We have added a sentence stating it is not clear given the relatively small number of assistance dogs available and the large numbers of veterans in need internationally how available this approach is and is a matter of importance for public health policy (conclusion line (525).

Once again thank you for your feedback and seeing the value in our paper.

Reviewer 3 Report

Paper review:

Effectiveness of Operation K9 Assistance dogs on suicidality in Australian veterans with PTSD:…

General comments:

-          A very interesting, well written, and informative study that, subject to minor changes, I am happy to recommend for publication.

Abstract:

-          Well written, no concerns.

Key words:

-          Keywords: good range of key words, perhaps consider some that allow interested parties to identify ‘veteran’ or similar as this seems to be missing but pertinent.

-          Ottawa? Why was this key word included? It is not mentioned within the paper.

Introduction:

-          I found this to be a very interesting, informative, and well written introduction, with clear research aims.

Methods:

-          Again, I felt this section was well reported. I would have liked to have known more about the Operation K9 programme (dog selection, training, etc) but think the addition of a weblink perhaps to their webpage would suffice.

Results:

-          Figure 2: would prefer the y axis to run from 0 – 100% as looks like suicidality is higher than it actually is if the axis isn’t apprehended. No sure why both the no and yes data is reported. As there are only two categories this adds nothing and makes the figure unnecessarily complicated. I would convert to a % of respondents that reported any indice of suicidality and just show that. Typo in title.

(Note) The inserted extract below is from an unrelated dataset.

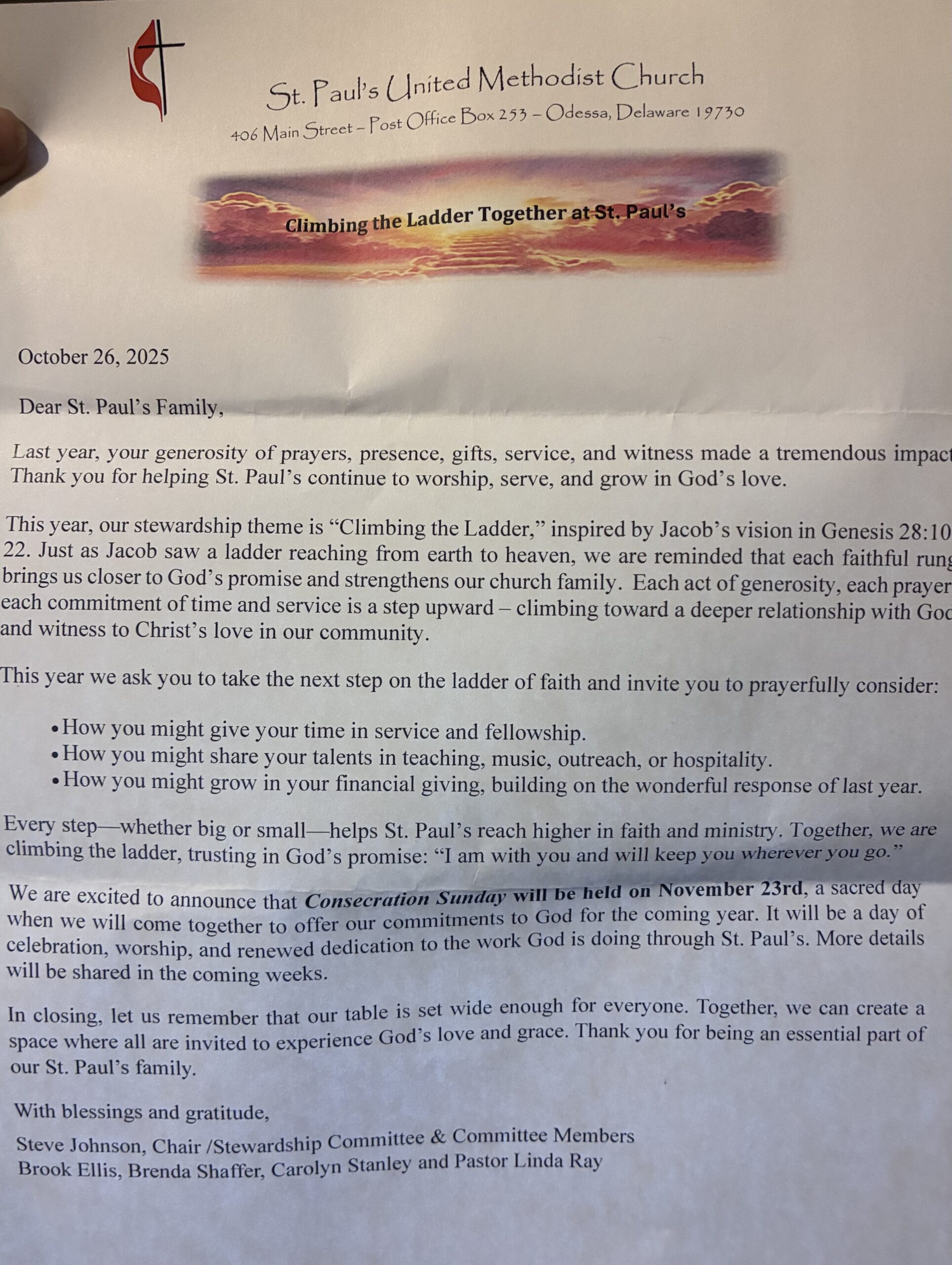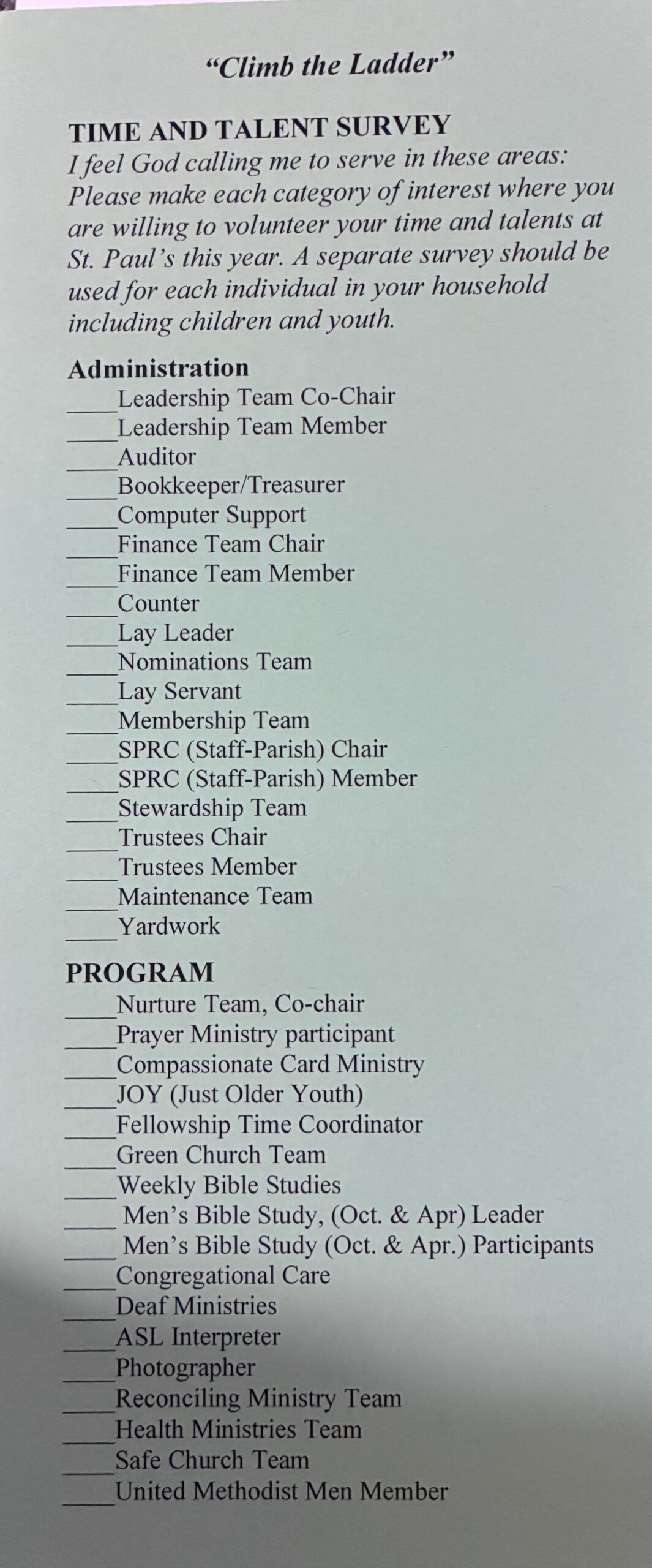 St. Paul’s UMC supports a ‘masks optional’ plan for in-person services, group meetings, and building use. It is still strongly encouraged that everyone checks for any illness symptoms before attending, use hand sanitizer and social distancing. Thank you to everyone for your continued consideration for others and care in keeping St. Paul’s UMC a vibrant congregation!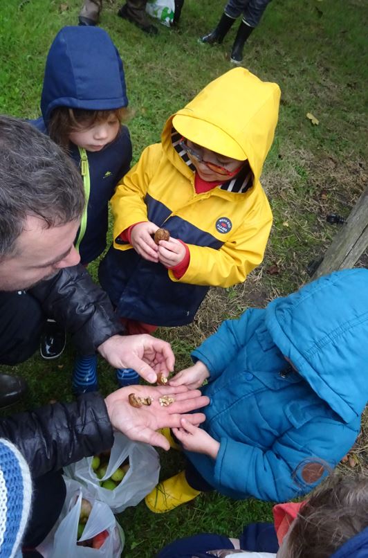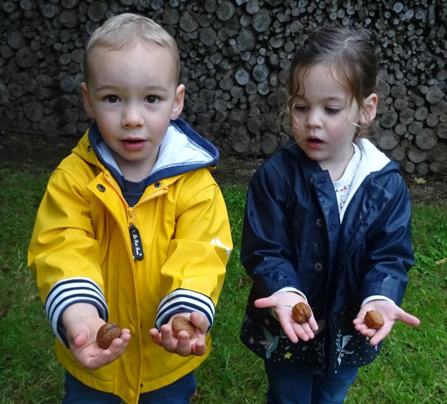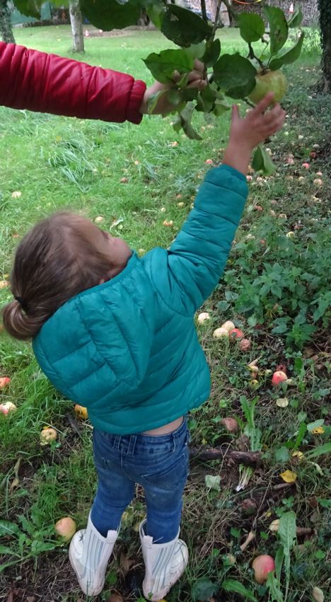 Lundi 26 septembre, la classe des PS-MS a rejoint le verger de Marie-Té et Jean-Guy en suivant le chemin qui longe l’école et pris le temps d’observer la nature et ramasser quelques trésors ! Sur place, nous avons découvert des rangées d’arbres et dans les branches ou au sol … des pommes ! Une fois les explications données sur les pommes à ne pas ramasser (trous, vers, tâches…), c’est parti pour la cueillette ! Bien sûr, nous en avons goûté quelques-unes directement dans le verger ! Les enfants ont aussi été ravis de découvrir les autres fruits du jardin : noix, raisin et un beau champignon !

-          Would be useful to report in the methods the cut offs for a small/moderate/large effect size using the Cohen’s D method.

-          Otherwise, I think this is well presented and I have no concerns.

Discussion:

-          Again, well written. I particularly liked the author’s comprehensive appraisal of the limitations.

Tables and figures:

-          Addressed above, otherwise no concerns.

 

Author Response

Thank you for your feedback and seeing the value in our research, our responses are outlined below in red.

Key words:

-          Keywords: good range of key words, perhaps consider some that allow interested parties to identify ‘veteran’ or similar as this seems to be missing but pertinent. Response: The word veteran has been added as a key word.

-          Ottawa? Why was this key word included? It is not mentioned within the paper.  Response: Ottawa was included in response to the focus of the special issue but as it is only mentioned twice it has been removed from key words.

Methods:

-          Again, I felt this section was well reported. I would have liked to have known more about the Operation K9 programme (dog selection, training, etc) but think the addition of a weblink perhaps to their webpage would suffice.

Response: More information about the programme has been added and link to the website (commencing at line 127).

Results:

-          Figure 2: would prefer the y axis to run from 0 – 100% as looks like suicidality is higher than it actually is if the axis isn’t apprehended. No sure why both the no and yes data is reported. As there are only two categories this adds nothing and makes the figure unnecessarily complicated. I would convert to a % of respondents that reported any indice of suicidality and just show that. Typo in title. Response: These changes have been made.

-          Would be useful to report in the methods the cut offs for a small/moderate/large effect size using the Cohen’s D method. Response: A sentence has been added to methods (line 253). 

Round 2

Reviewer 2 Report

The authors addressed all concerns noted in the prior review which made the paper even stronger. I believe this will be an important contribution to the literature.